_What you will do_. From the listing below, restate word for word the lines from the line containing "Smútočné oznámenie, Gabriela Lomejová (†61)" down through the line containing "Her recipe for". Exclude pictures.

_Data_.

——

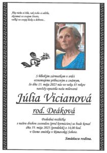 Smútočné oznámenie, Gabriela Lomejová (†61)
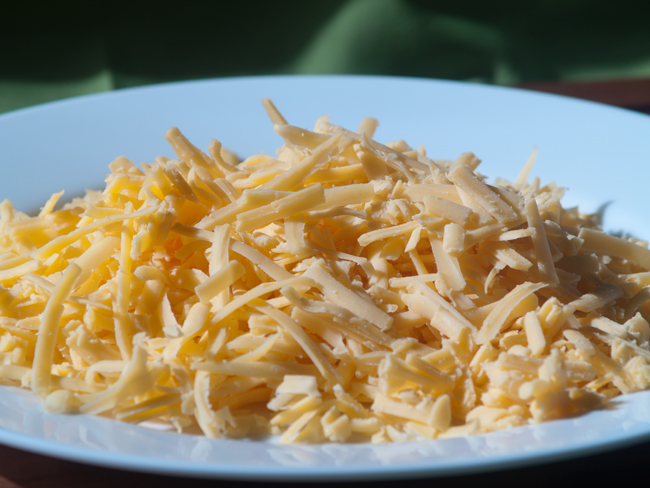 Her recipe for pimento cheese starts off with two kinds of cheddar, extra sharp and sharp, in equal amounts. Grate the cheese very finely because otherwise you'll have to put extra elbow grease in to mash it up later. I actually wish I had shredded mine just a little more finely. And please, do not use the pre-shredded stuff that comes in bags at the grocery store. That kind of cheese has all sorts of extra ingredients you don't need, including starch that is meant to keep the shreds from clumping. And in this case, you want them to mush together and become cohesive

——

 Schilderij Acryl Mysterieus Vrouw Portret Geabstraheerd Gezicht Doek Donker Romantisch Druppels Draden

——

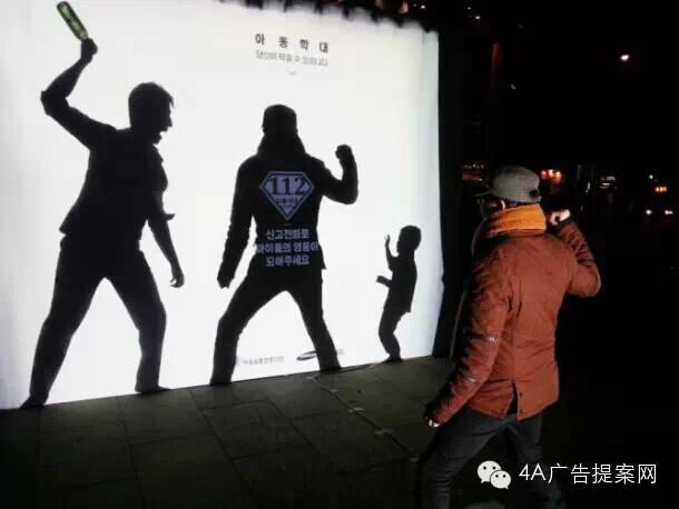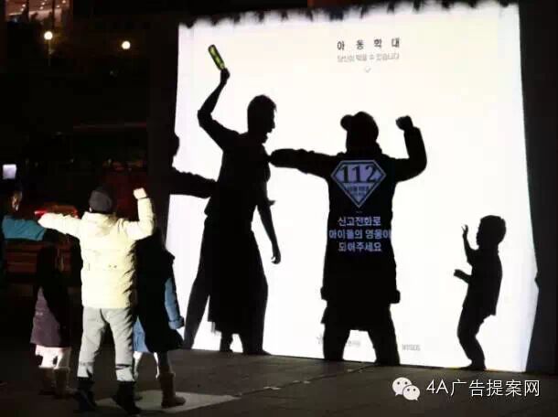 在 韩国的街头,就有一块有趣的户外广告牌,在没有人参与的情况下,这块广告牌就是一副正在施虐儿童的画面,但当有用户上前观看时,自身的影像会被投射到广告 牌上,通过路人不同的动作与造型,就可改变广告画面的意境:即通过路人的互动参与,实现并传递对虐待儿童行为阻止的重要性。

——

_Response to this task_.
 Smútočné oznámenie, Gabriela Lomejová (†61)
 Her recipe for pimento cheese starts off with two kinds of cheddar, extra sharp and sharp, in equal amounts. Grate the cheese very finely because otherwise you'll have to put extra elbow grease in to mash it up later. I actually wish I had shredded mine just a little more finely. And please, do not use the pre-shredded stuff that comes in bags at the grocery store. That kind of cheese has all sorts of extra ingredients you don't need, including starch that is meant to keep the shreds from clumping. And in this case, you want them to mush together and become cohesive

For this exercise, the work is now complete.